→ **WHAT YOU ARE ASKED TO DO**: For this exercise, output the entries below exactly from the line that holds "쇼파와 빈백에 앉아서" to the line that holds "จาก Heat Map", both ends included. No pictures belong in the copy.

→ **SOURCE DATA**:
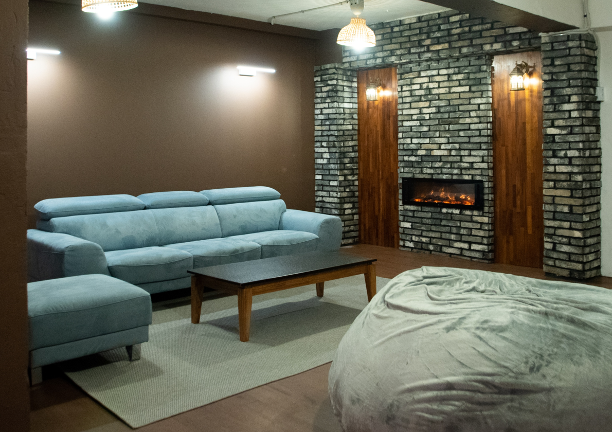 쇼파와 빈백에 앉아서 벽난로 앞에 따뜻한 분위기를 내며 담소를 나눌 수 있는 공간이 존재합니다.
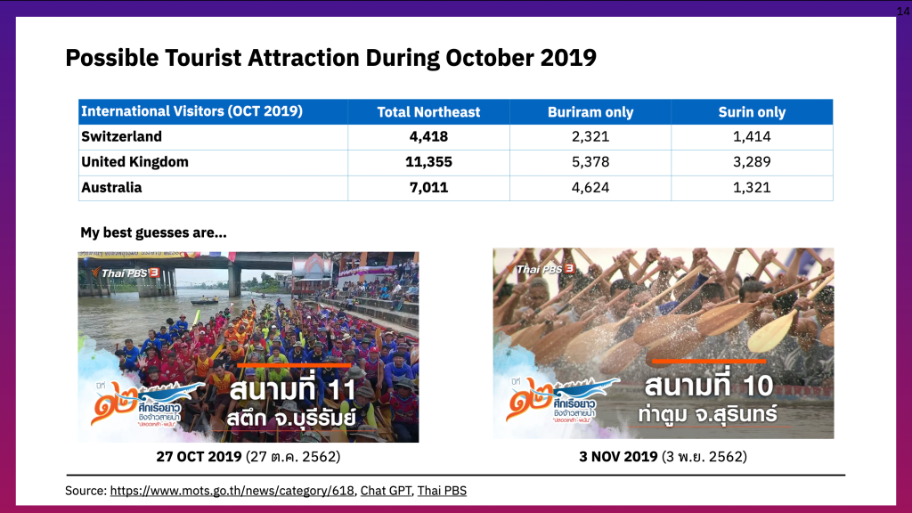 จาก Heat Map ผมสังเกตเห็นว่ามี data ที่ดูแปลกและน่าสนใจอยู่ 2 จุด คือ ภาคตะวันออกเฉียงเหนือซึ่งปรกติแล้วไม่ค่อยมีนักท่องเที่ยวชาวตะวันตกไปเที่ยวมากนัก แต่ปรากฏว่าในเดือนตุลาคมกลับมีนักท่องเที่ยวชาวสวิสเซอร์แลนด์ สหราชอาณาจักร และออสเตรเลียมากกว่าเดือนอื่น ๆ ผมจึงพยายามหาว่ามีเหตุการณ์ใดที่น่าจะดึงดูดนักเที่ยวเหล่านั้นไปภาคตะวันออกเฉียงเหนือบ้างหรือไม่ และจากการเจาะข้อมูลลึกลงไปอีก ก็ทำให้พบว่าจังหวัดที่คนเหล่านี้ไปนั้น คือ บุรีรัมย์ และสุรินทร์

* * *

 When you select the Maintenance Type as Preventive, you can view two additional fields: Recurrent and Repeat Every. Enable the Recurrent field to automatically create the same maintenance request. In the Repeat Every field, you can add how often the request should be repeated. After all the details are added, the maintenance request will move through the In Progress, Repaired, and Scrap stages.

→ **COMPLETED TASK**:
 쇼파와 빈백에 앉아서 벽난로 앞에 따뜻한 분위기를 내며 담소를 나눌 수 있는 공간이 존재합니다.
 จาก Heat Map ผมสังเกตเห็นว่ามี data ที่ดูแปลกและน่าสนใจอยู่ 2 จุด คือ ภาคตะวันออกเฉียงเหนือซึ่งปรกติแล้วไม่ค่อยมีนักท่องเที่ยวชาวตะวันตกไปเที่ยวมากนัก แต่ปรากฏว่าในเดือนตุลาคมกลับมีนักท่องเที่ยวชาวสวิสเซอร์แลนด์ สหราชอาณาจักร และออสเตรเลียมากกว่าเดือนอื่น ๆ ผมจึงพยายามหาว่ามีเหตุการณ์ใดที่น่าจะดึงดูดนักเที่ยวเหล่านั้นไปภาคตะวันออกเฉียงเหนือบ้างหรือไม่ และจากการเจาะข้อมูลลึกลงไปอีก ก็ทำให้พบว่าจังหวัดที่คนเหล่านี้ไปนั้น คือ บุรีรัมย์ และสุรินทร์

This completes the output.